**Work order**
The material below is to be copied exactly from the line with "D.No | 266-D" up to and including the line with "Figure 4. The", with nothing else kept and no pictures.
[Data under study — start]
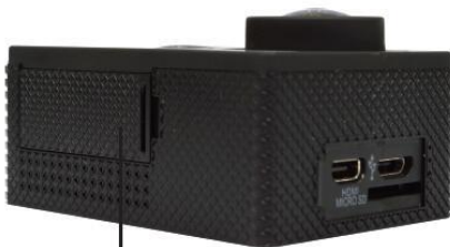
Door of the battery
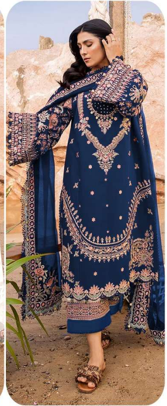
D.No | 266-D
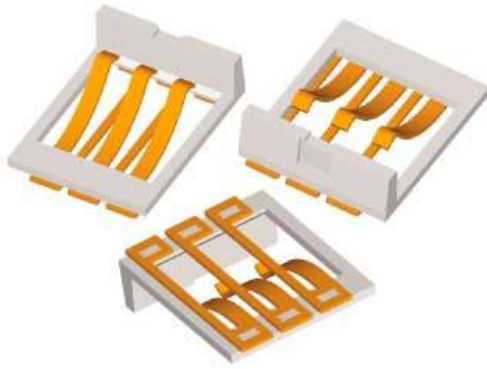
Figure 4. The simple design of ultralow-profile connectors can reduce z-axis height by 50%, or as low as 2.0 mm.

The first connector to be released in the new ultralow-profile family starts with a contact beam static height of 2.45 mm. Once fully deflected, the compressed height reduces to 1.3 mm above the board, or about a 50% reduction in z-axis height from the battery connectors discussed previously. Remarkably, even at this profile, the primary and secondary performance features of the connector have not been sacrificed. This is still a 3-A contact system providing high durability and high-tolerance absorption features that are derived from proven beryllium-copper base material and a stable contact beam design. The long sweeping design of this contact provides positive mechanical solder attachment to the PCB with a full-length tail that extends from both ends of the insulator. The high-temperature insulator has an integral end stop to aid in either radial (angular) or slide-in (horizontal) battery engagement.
[Data under study — finish]
[Data under study — start]
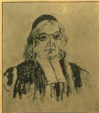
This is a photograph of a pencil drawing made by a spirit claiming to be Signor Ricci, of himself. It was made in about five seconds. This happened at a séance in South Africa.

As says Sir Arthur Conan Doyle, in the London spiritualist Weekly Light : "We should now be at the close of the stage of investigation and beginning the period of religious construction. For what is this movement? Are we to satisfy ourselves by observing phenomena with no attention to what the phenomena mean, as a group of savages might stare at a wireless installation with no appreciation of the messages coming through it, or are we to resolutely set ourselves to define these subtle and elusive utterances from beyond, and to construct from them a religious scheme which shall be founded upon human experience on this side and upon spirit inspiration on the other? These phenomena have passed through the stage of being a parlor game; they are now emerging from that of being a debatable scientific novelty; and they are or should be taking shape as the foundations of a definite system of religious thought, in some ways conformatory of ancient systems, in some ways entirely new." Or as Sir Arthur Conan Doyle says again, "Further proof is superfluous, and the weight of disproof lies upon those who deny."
[Data under study — finish]
[Data under study — start]
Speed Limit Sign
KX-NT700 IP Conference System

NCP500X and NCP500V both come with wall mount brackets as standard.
[Data under study — finish]
**Completed task**
D.No | 266-D
Figure 4. The simple design of ultralow-profile connectors can reduce z-axis height by 50%, or as low as 2.0 mm.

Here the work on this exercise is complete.